Here's something which is cause for optimism: Sadiq Khan has appointed a deputy mayor, Joanne McCartney, to lead on education - including early education and childcare. At the 2017 Mayor's Education Conference last week, in a gloriously sunny City Hall, Khan also clearly stated his commitment to high quality early education, and better availability of childcare.
|The view from London's City Hall|
In the Manor Park hub, which is where I am based, schools, settings from the private and voluntary sector, and childminders have been working hard, together, to improve quality and to make the whole system easier to access for parents.
We have a way to go yet, but the impact of the last few years of work has been impressive and a tribute to the joint efforts we have made and our determination to keep doing better.
In Manor Park all the early years group provision - whether in schools, or in private or independent settings - is graded Good or Outstanding by Ofsted.
Childminder quality has improved significantly and is close to the average for England.

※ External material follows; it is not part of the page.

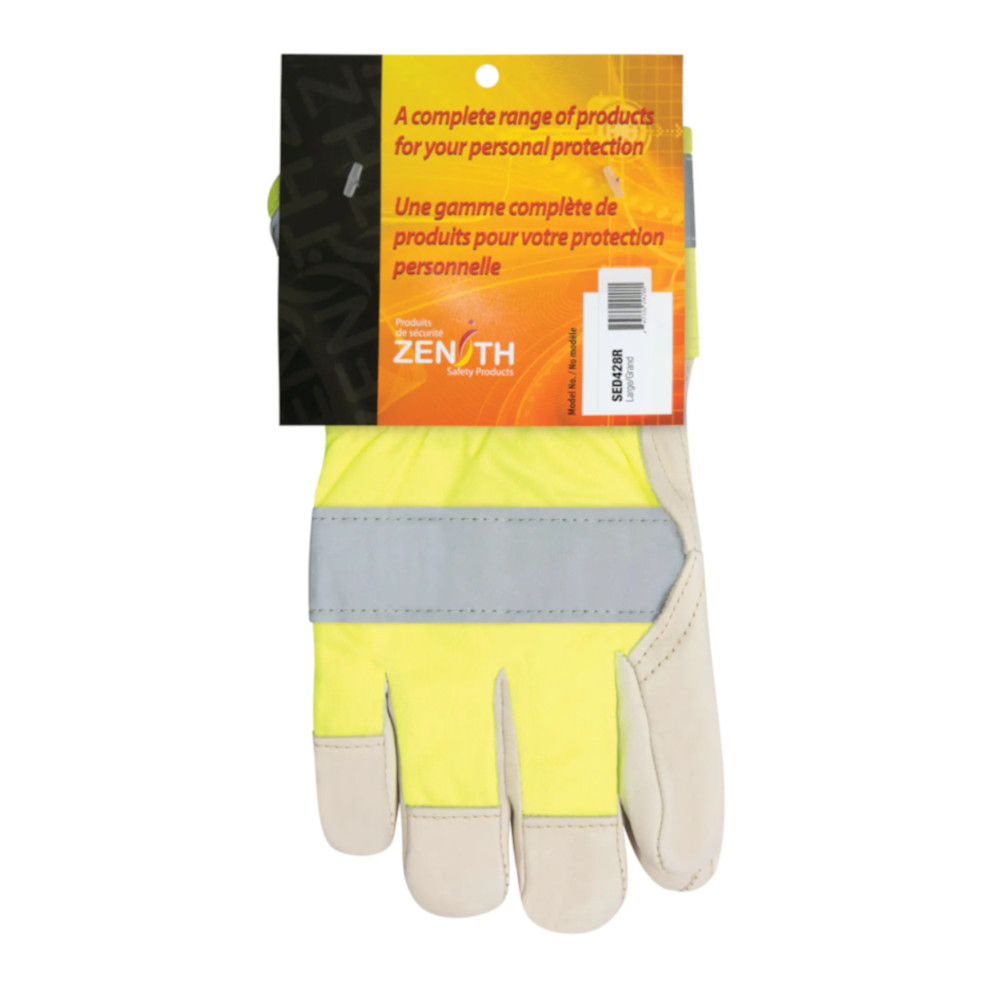 Premium construction, superior quality, 100-g Thinsulate liner provides superior warmth, Superior abrasion resistance, Excellent comfort and durability, Resists oil and water well, Full leather tipped fingers and knuckle strap, Fluorescent yellow back and two gray reflective stripes offer maximum visibility, Rubberized safety cuff

Over 75% of children eligible for a free place at the age of two are now accessing that place.
Outcomes by the end of the Early Years Foundation Stage in Manor Park are ahead of the national average, too. In summer 2016:
- 69.3% of children nationally achieved a Good Level of Development (PDF);
- 72% of children in Manor Park achieved a Good Level Of Development
But it does mean we have made some progress towards our big goal: working with parents to give children in a disadvantaged part of East London the best possible chance to develop as happy, curious and eager learners, pupils, students and citizens in a great world city.

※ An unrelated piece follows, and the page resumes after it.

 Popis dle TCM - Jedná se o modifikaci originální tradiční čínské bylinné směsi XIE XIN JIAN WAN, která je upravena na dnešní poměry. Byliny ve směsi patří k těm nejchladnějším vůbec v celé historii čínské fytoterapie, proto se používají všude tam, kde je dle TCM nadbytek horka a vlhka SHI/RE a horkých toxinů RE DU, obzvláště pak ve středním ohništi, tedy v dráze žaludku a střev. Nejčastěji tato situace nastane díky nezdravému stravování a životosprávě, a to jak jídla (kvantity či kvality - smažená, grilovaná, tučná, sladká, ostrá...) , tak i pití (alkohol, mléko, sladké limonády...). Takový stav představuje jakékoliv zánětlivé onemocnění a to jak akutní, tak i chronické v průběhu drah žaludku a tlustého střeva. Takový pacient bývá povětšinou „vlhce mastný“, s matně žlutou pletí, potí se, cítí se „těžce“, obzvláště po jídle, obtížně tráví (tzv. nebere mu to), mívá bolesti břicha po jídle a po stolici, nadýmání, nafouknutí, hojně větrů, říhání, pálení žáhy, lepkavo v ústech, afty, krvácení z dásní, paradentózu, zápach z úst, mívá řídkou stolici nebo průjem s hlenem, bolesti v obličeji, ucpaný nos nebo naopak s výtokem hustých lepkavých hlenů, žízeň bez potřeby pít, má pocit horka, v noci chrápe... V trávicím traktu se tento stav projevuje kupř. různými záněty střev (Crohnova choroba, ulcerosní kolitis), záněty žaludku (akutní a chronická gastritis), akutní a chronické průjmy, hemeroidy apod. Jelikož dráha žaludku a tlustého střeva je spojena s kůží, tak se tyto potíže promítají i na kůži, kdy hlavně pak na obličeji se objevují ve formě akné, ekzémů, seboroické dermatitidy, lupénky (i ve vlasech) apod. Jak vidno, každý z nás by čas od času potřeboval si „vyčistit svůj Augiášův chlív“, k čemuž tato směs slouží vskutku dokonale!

So, what could the GLA hope to achieve by developing a new early years hubs programme across London?
At the Mayor's Education Conference, I argued that the current Early Years system suffers from disconnection, especially if your family is not well off. Whilst it seems unarguable to me that more must be done to reduce the shocking number of children living in poverty across London, improvements in public services can also make an important difference to children's life chances.